Endoscopic video (top), monocular depth estimate (middle), and rendering of a photorealistic reconstruction (bottom). Results were achieved using the self-supervised method described in [112].
VI. Clinical Workflow Monitoring and Support
A. Notion of Surgical Control Tower
While imaging alone provides valuable information, modern procedures rely increasingly on a variety of complex devices and intricate workflows. This limits the knowledge extraction that AI systems can do based on imaging alone and makes it difficult for humans to properly analyze in real time the wealth of available data. Furthermore, even though the quality of care has generally improved with the introduction of new surgical techniques and devices, adverse events still occur, a large part of that are preventable [135], [136]. Humans are prone to fatigue, teams to miscommunications, devices can fail, and for all roles, surgical tasks require an ever-increasing level of specialization. The increased use of digital equipment in the OR, however, opens up new opportunities for support and monitoring, at the level of the whole room, by providing artificial intelligence systems with real-time data that capture a faithful representation of the processes taking place during the surgery.
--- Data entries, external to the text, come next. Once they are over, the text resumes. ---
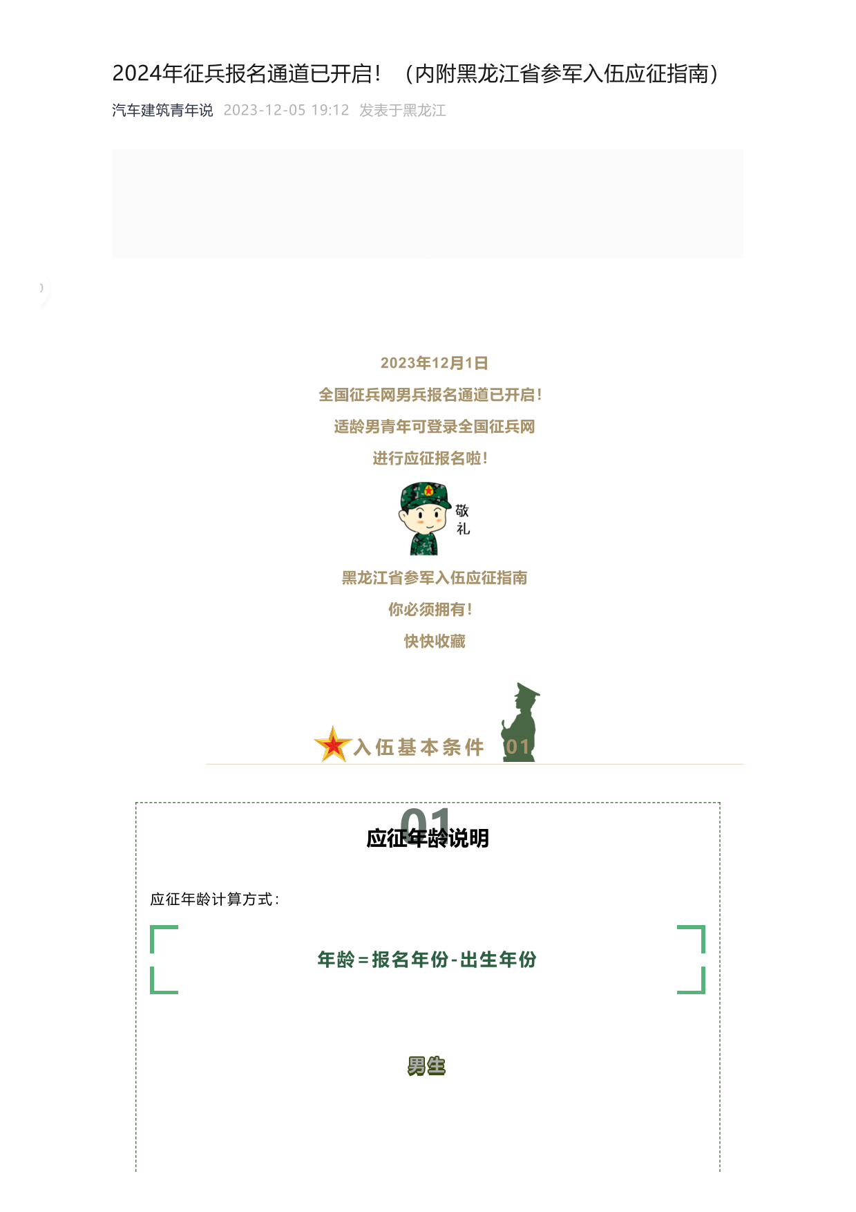 2024年征兵报名通道已开启!(内附黑龙江省参军入伍应征指南)
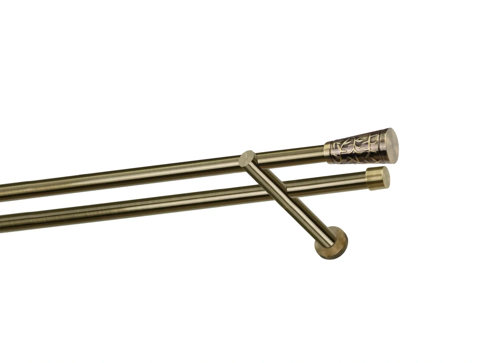 Felületkezelt kétsoros fém függönykarnis antik (matt arany) árnyalat. Minőségi galvanizált fém függönykarnisok. A galvanizálás nagyobb felületi szilárdságot, nagyobb karcállóságot és sima felületet biztosít. Készletként szállítjuk.
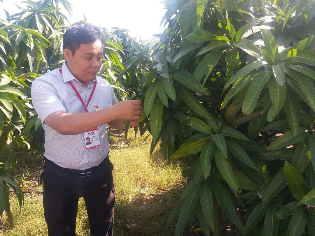 全国人大代表陈飘在母爸村的种植园查看芒果生长情况。(代表供图)
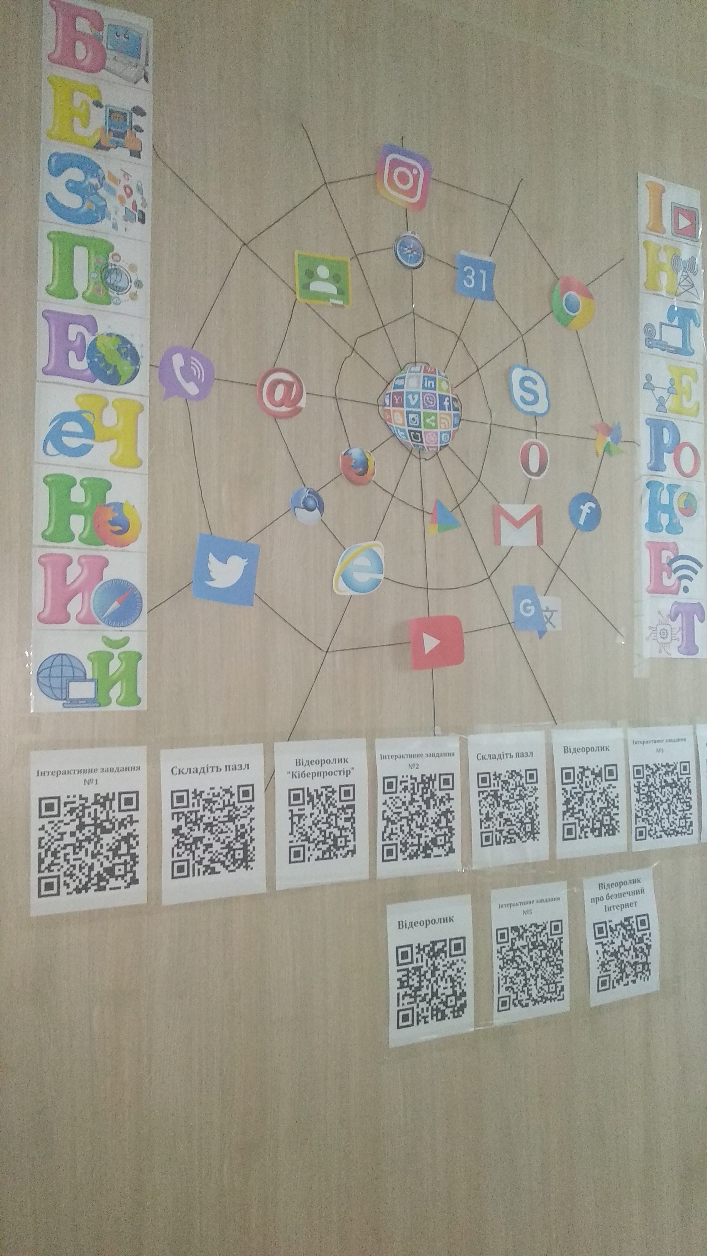 Вчителем інформатики Бурдун Б.П. та учнями 4А класу було створено інсталяцію “БЕЗПЕЧНИЙ ІНТЕРНЕТ” з інтерактивними завданнями: скласти тематичний пазл (JigsawPlanet), виконати завдання з сервісу learningapps та переглянути навчальні відео про безпечну поведінку в мережі Інтернету (YouTube).
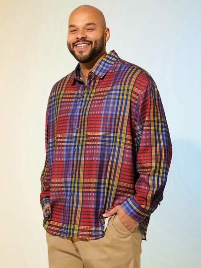 Manfinity VCAY 大码男士宽松休闲格子长袖编织衬衫 - 彩色 - 查看 1
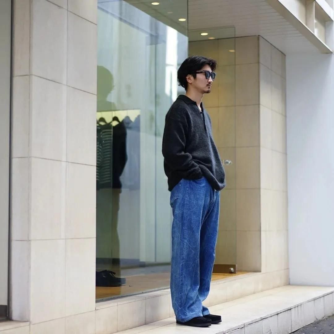 AURALEE (オーラリー) Brushed Super Kid Mohair Knit Polo/Ink Black
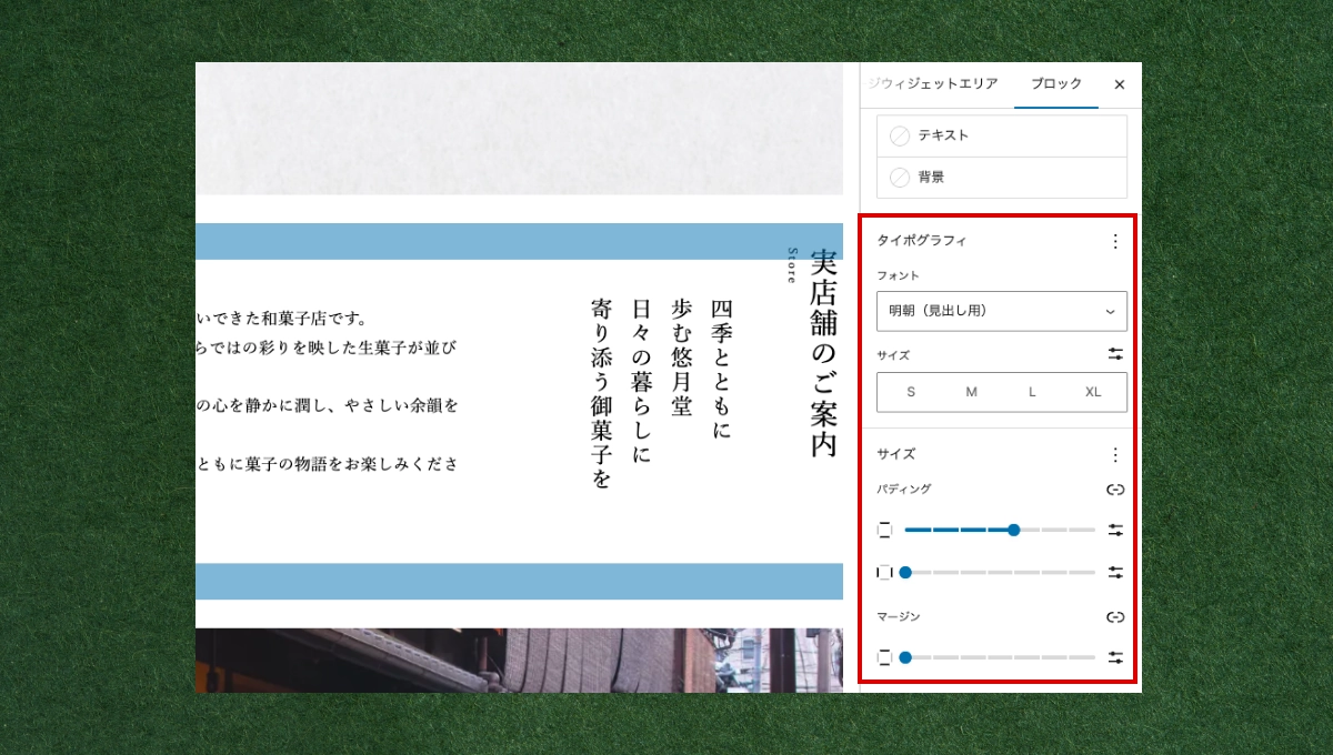 ブロック単位でパディング・マージンの余白調整、明朝体・ゴシック体 の切り替えが可能。
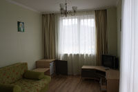 Двухместный номер с балконом. Номер укомплектован одной двуспальной (двумя односпальными) кроватью, двумя прикроватными тумбочками, письменным столом, двумя креслами, журнальным столиком, телевизором, холодильником, чайником и набором чайной посуды, сейфом, прихожей, шкафом-купе и зеркалом.
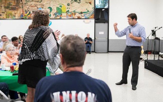 Điều này đúng với những gì diễn ra ở Quận 12 Ohio, được tách ra từ vùng ngoài ô no ấm của Columbus, nơi các công dân kiên cố sẽ được hưởng lợi từ chính sách cắt giảm thuế, đến chân núi Appalachians, vùng công dân không được hưởng lợi. Buổi trò chuyện đầu tiên của Ủy ban Tranh cử Quốc hội Đảng Dân chủ cho cuộc bầu cử đặc biệt mở đầu bằng một cú tiến công Đảng Cộng hòa, Troy Balderson, ủng hộ "giảm mạnh thuế doanh nghiệp sẽ tăng khoản nợ thêm 2 triệu USD".
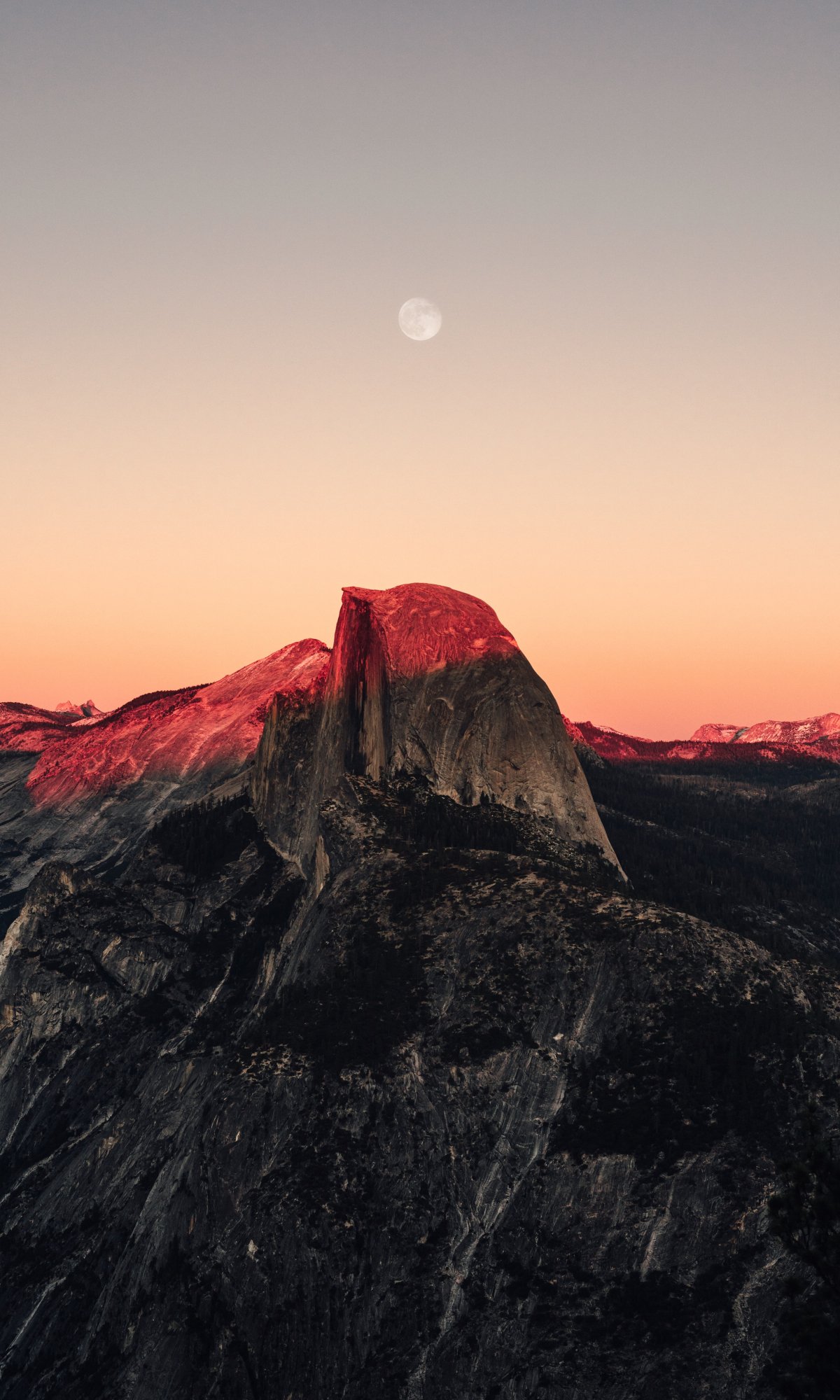 Wallpaper: sunset in the mountains, sunset, mountains, moon, rocks - 1200x2000

Indeed, most of the activities happening in the room can be captured digitally either through interactions with equipment, such as information systems, room control interfaces, imaging devices and instruments, or through the use of sensors, such as ceiling-mounted cameras, which are now becoming widespread and increasingly used for documentation, teaching, and augmented reality assistance. Consequently, it is highly likely that in the near future, assistance systems will be fully integrated in a digital OR that will monitor surgical processes through AI, akin to a surgical control tower [137], [138], that can analyze the whole digital information in real time to provide context-aware support and information within and outside the OR. Applications for such a control tower are, for instance, the transmission of live information about the OR status, the adaptation of user-interfaces to the surrounding context, the display of instructions within the OR, the creation of an automated report, the recording of the activities for archiving and legal purposes, the enforcement of safety checklists, the detection of anomalies with respect to past workflows, and improved scheduling for staff and patients. To perform these tasks, the control tower will have access to and crunch masses of multimodal digital data coming from hundreds of past surgeries.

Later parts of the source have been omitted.